WHAT THIS TASK INVOLVES: Please restate, exactly, only the lines from the beginning of the listing below through the line containing "Und heute schon", with the pictures left out.

RECORDED INFORMATION:
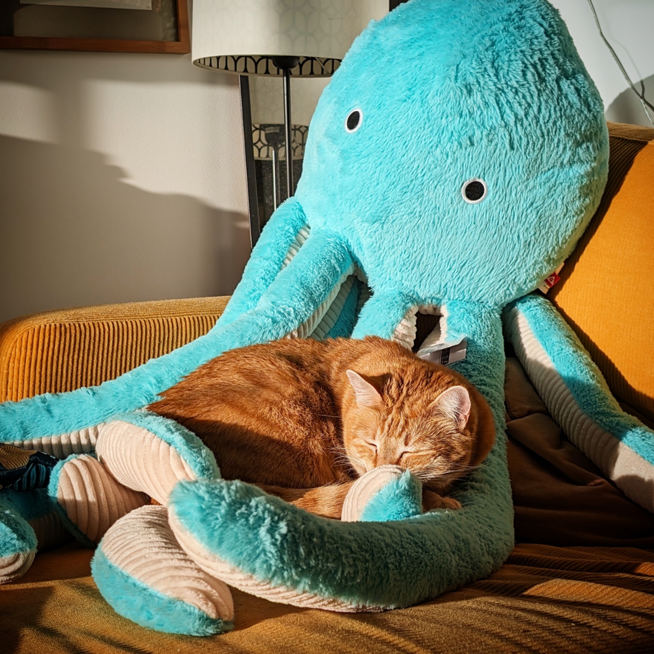Bon sinon, un week-end se termine évidemment avec des photos d’Arya et Sookie qui font les chatounettes. Donc voilà Arya qui se love dans les tentacules de notre pieuvre de canapé.
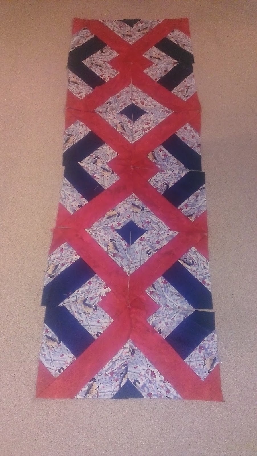 Und heute schon gleich eingeweiht und einen Tischläufer angefangen, den ich mir bei Zicki beim Nähtreffen in Plön abgeguckt habe :).
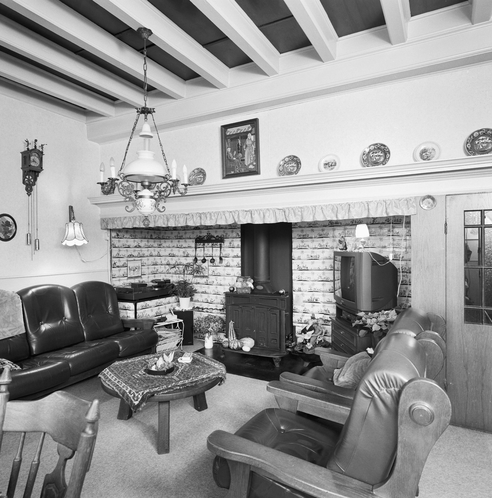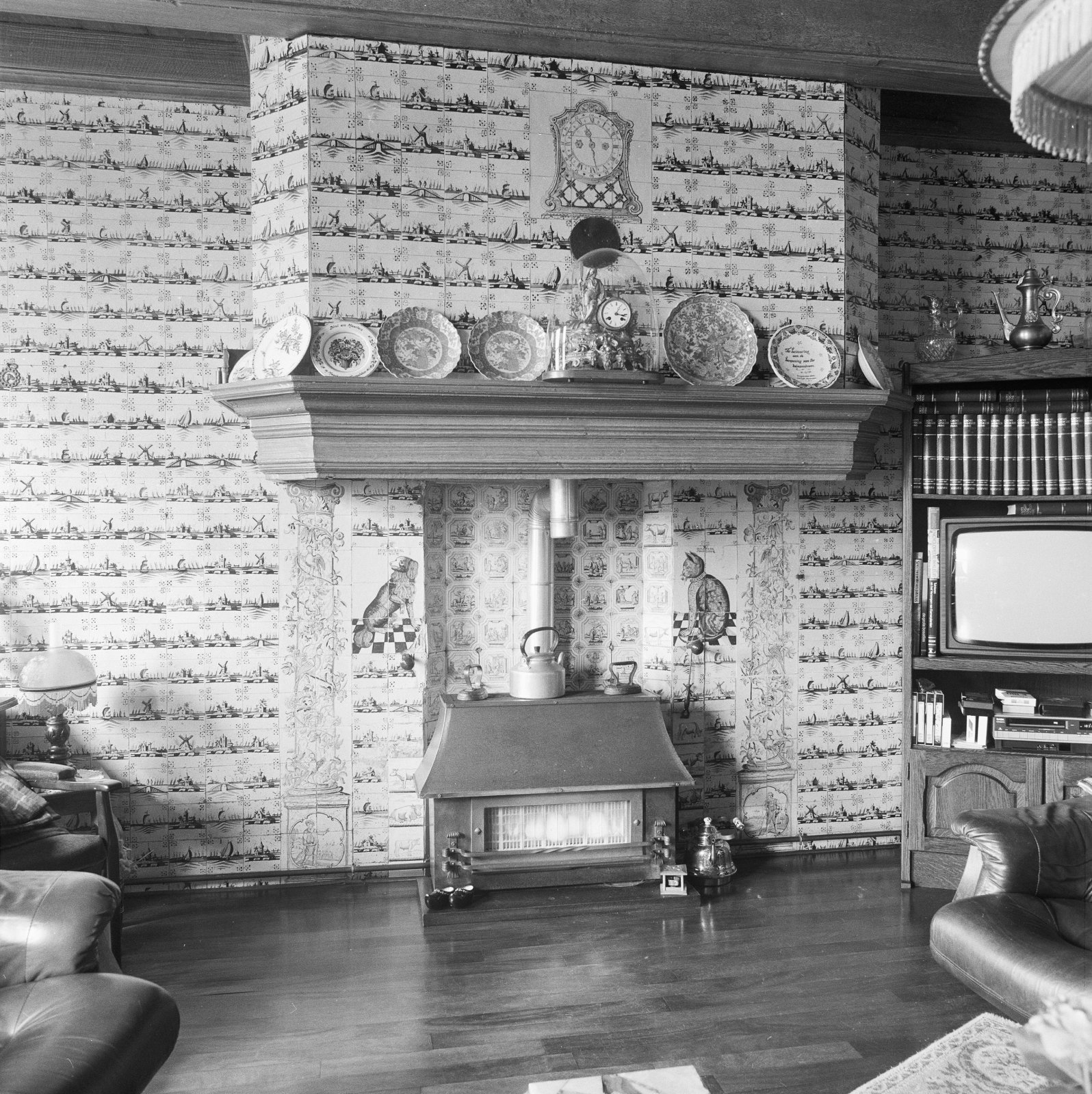 Interieur woonkamer, betegelde schouw in de haard me...
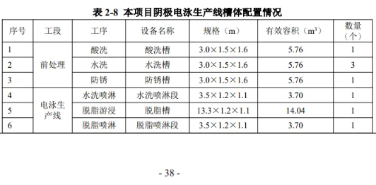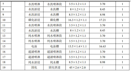 本項目配備全密閉、自動化電泳生產(chǎn)線,生產(chǎn)線槽體均架空敷設(shè),離地高度約 0.6m,生產(chǎn)線設(shè)置干濕分離。本項目電泳生產(chǎn)線槽體配置情況如下:
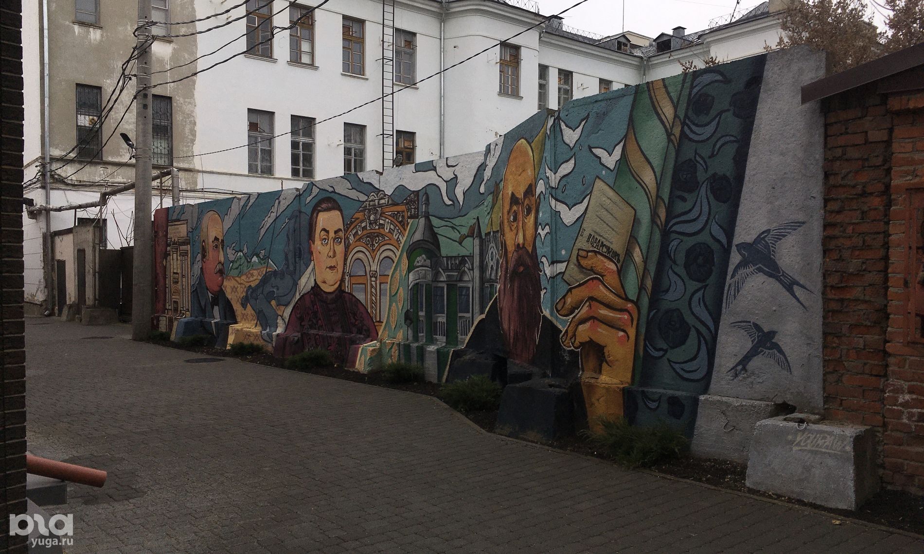 © Фото Александра Гончаренко, Юга.ру © Фото Александра Гончаренко, Юга.ру © Фото Александра Гончаренко, Юга.ру © Фото Александра Гончаренко, Юга.руРосписи отсылают к биографиям изображенных личностей: например, Дицман закупал зерно для своих мельниц и продавал муку в 1880-х, а с 1886 по 1920 год Губкина владела «Гранд-отелем» на углу нынешних Гимназической и Красной.
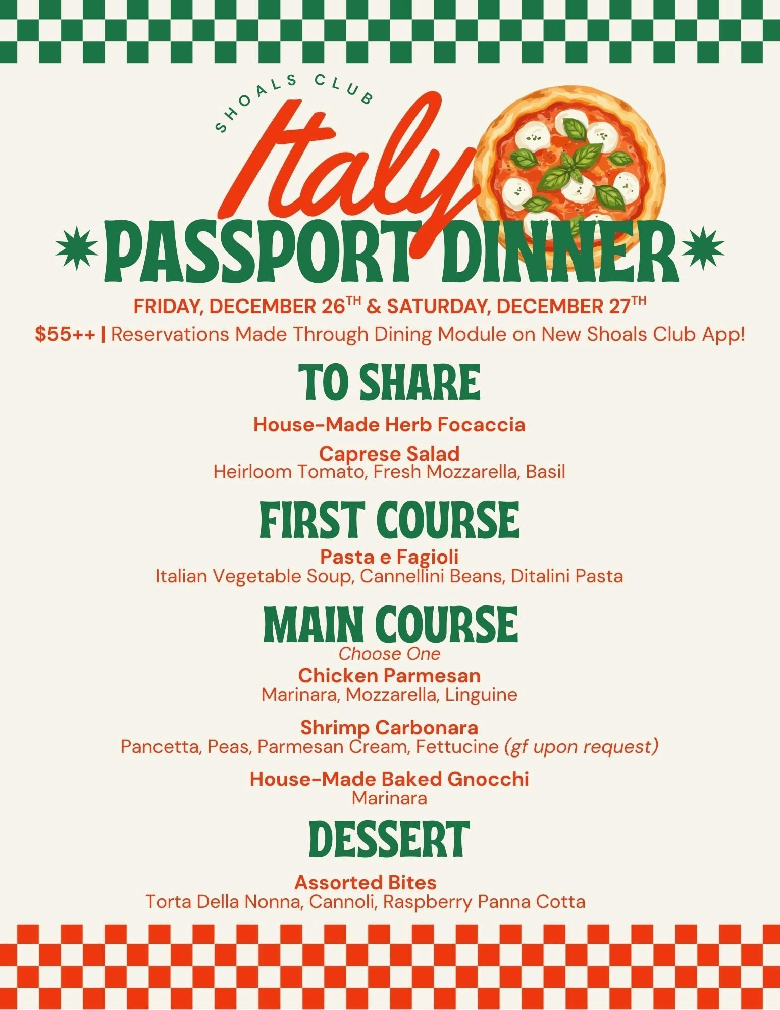 | 26th-27th | Fri & Sat | Aqua | International Passport Dinner-Italy |
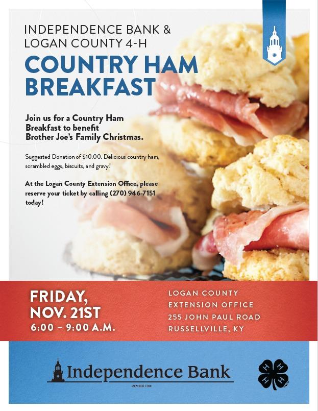 Together with Independence Bank and their community, Logan County 4-H youth are proud to lend their hands and hearts to carry on a tradition rooted in giving back. This year’s Country Ham Breakfast is this Friday, Nov. 21, from 6–9 a.m. at the Logan County Extension Office. Those eating are asked to donate $10 or more. Please call 270-946-7151 to let planners know how many will be eating. Every plate supports Agape’s Bro. Joe’s Family Christmas annual ministry—still making a difference, one biscuit at a time
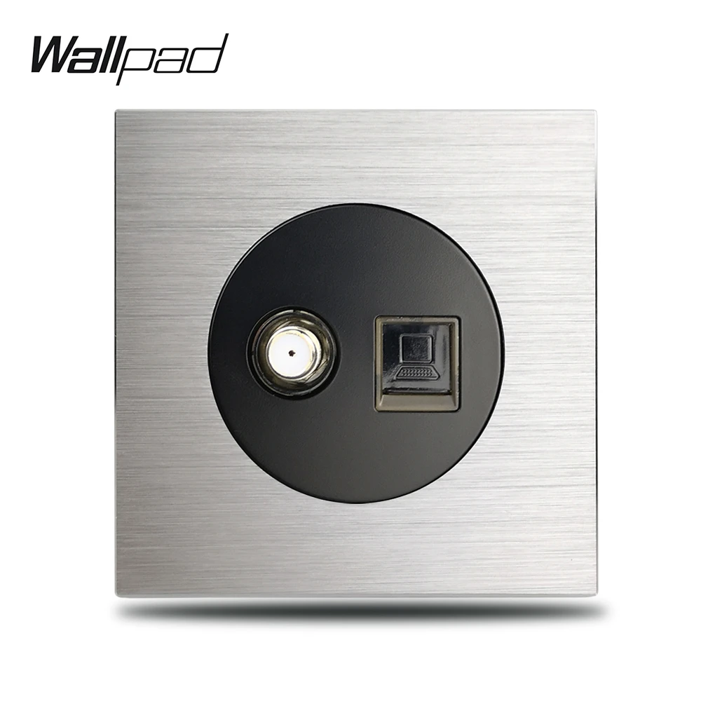 L6 Single Satellite Antenna TV & Data PC Internet RJ45 Wiring Wall Socket Outlet Silver Grey Brushed Aluminum Plate , 86 * 86 mm|Electrical Sockets| - AliExpress

SOLVED PROBLEM:
Bon sinon, un week-end se termine évidemment avec des photos d’Arya et Sookie qui font les chatounettes. Donc voilà Arya qui se love dans les tentacules de notre pieuvre de canapé.
 Und heute schon gleich eingeweiht und einen Tischläufer angefangen, den ich mir bei Zicki beim Nähtreffen in Plön abgeguckt habe :).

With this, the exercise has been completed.